Detail from Living Room, 1943, by Balthus, Minneapolis Institute of Art, ©Artists Rights Society (ARS), New York / ADAGP, Paris

Balthus courted and eventually married in 1937 Antoinette de Watteville, a Swiss of aristocratic family.  They first met when she was twelve in 1924. They had two sons. Laurence Bataille, daughter of French writer George Bataille and actress Sylvia Bataille, became Balthus’ mistress at age sixteen, when he was thirty-eight. He took up with Frederique Tison, his step-niece, when she was sixteen. Balthus didn’t just sublimate his desires in his paintings, he was active in pursuing girls and using them as his models. A more moralistic, age-aware and information-savvy time like ours can look through these liaisons and seductions and see the power dynamics behind them.

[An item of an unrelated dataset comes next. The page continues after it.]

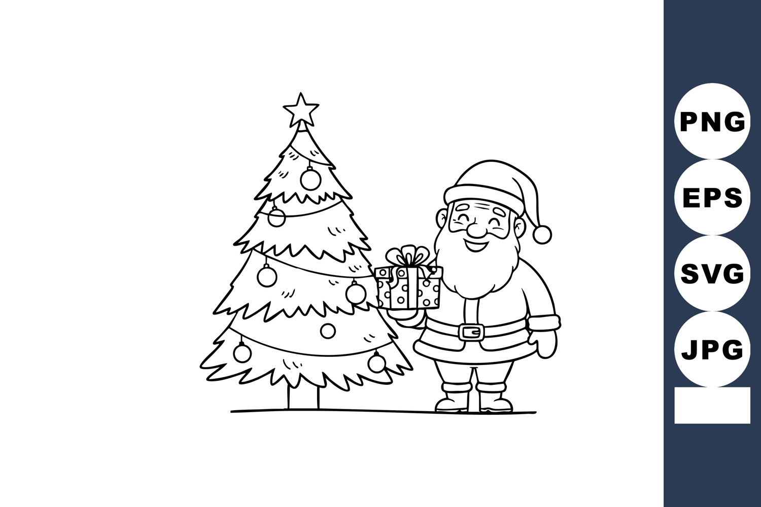 Santa Claus holding gift near decorated Christmas tree line example image 1
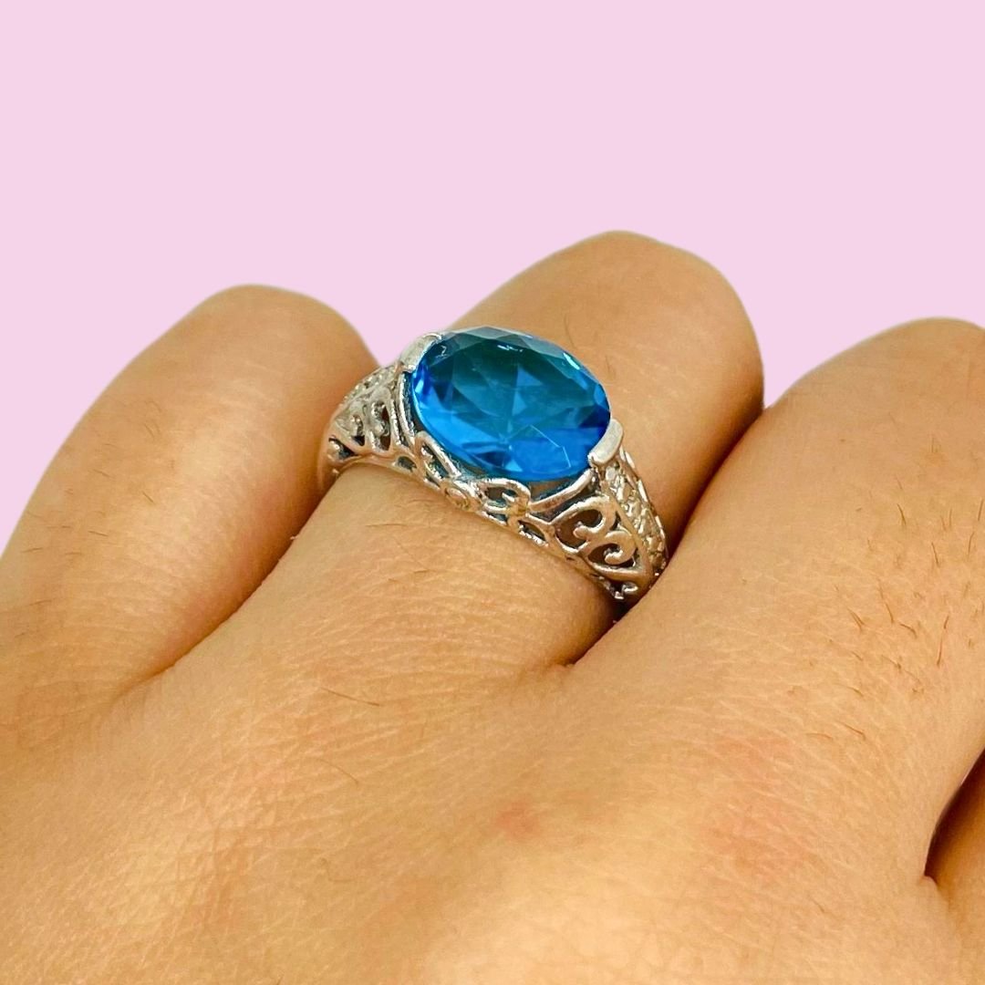 Anillo Corte Real con piedra Aguamarina Plata 925

Laurence Bataille, age 4, in Bourg d’Oisons. Photo © Denise Bellon.

Balthus with his step-niece Frederique Tison, in Chateau de Chassy, 1956. Note the red leather babouche slippers.

French writer André Malraux and Balthus met for the first time in 1946 in the Restaurant du Nord in Geneva, where Malraux was giving a talk. They had in common a passion for Chinese and Japanese art and a fascination with cats.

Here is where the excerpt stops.